Note di regia del film "Ballo a Tre Passi"
Vi può essere argomento migliore per descrive la natura e le ambizioni di un film più dell’urgenza di farlo?
Confidando proprio in quest’istinto che ci si augura scaturisca sempre da una tensione autentica mi sono progressivamente convinto che per "Ballo a Tre Passi" non dovesse esserci altra preoccupazione e altra ambizione se non quella di provare a restituire sullo schermo un pezzo di vita vera così come l’avevo vista o vissuta. Ho provato a cumulare questo insieme di emozioni e di suggestioni in una struttura narrativa di tipo “corale”, che non ha evidenti rapporti di causa ed effetto, se non nella contiguità fisica tra alcuni protagonisti, seguendo attraverso il corso di
quattro stagioni, che volutamente coincidono con l’età anagrafica dei personaggi, le “giornate particolari” di Andrea, Peppeddu, Istene, Macangiu, Michele, Francesca e Giorgio, i cui destini oltre che intersecarsi paiono accomunati da una
medesima fatale e ineluttabile condizione di isolamento. Lo sfondo è quello della Sardegna dei miei giorni. Un luogo privato, qualche volta semplicemente vagheggiato, che nasce sempre dall’esperienza personale, quasi sempre riconoscibile seppur rivissuto attraverso la necessaria mediazione di un racconto. Ho infatti conosciuto nelle montagne del Supramonte personaggi “esemplari” come quello di Michele, che nella sua emblematica condizione di ancestrale isolamento, rappresenta probabilmente oggi l’ultimo romantico baluardo di una civiltà, quella della pastorizia nomade e transumante, votata irrimediabilmente all’estinzione. Così come a Desulo, un paese della regione montana del Gennargentu, ho potuto incontrare i bambini che corrono a conoscere il mare, conducendo per conto dell’Istituto Superiore Regionale Etnografico una piccola
inchiesta sui bambini delle zone interne. Vivendo a contatto con loro, sono diventato involontariamente depositario dei loro sentimenti e delle loro aspettative e devo dire che buona parte delle forze per affrontare questo film mi sono venute
ricordando i loro occhi. C’è un cinema che ha dato nobilmente voce a questa umanità, e che oggi porta il nome di Kiarostami, dei fratelli Dardenne e di Amelio, e che si rifà ad una tradizione tutta italiana iniziata da Rossellini e De Sica.

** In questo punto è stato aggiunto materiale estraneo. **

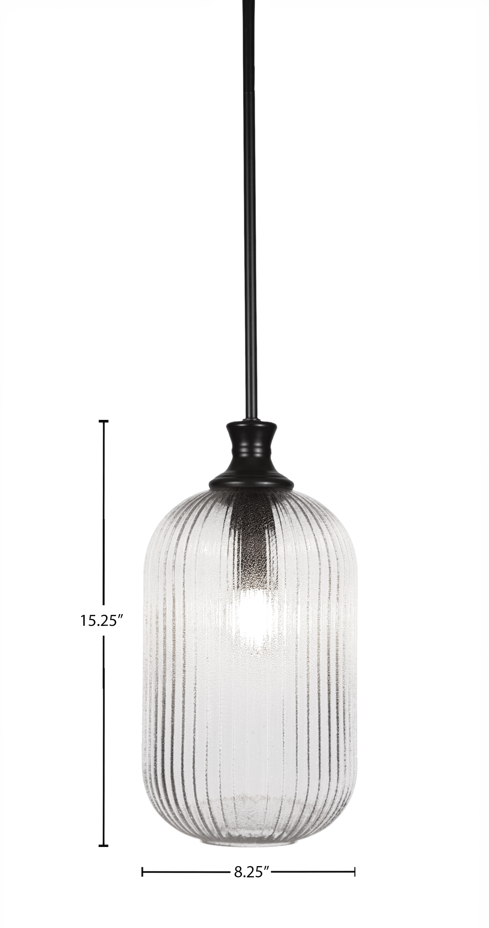 Toltec Lighting 74-MB-4608 Carina Stem Hung Pendant, Matte Black Finish, 8.25″ Micro Bubble Ribbed Glass

Un cinema che insegue la vita, che attinge verità direttamente dai luoghi che originano il racconto, che rinuncia programmaticamente ad ogni inutile involucro, che fa dell’immediatezza la cifra della sua rappresentazione. A questo cinema, da neofita, ho voluto richiamarmi, rinunciando ad ogni opulenza, ad ogni ricostruzione, ad ogni inutile surrogato scenografico (se non per la scena finale del
film) e, soprattutto, al compromettente peso di una voluminosa macchina cinematografica che avrebbe finito per schiacciare quelle scintille di vita che ho disperatamente cercato di provocare appellandomi a degli interpreti che, nella
stragrande maggioranza dei casi, oltre ad avere le qualità fisiche e morali dei personaggi che interpretano, provengono da un tessuto analogo a quello raccontato.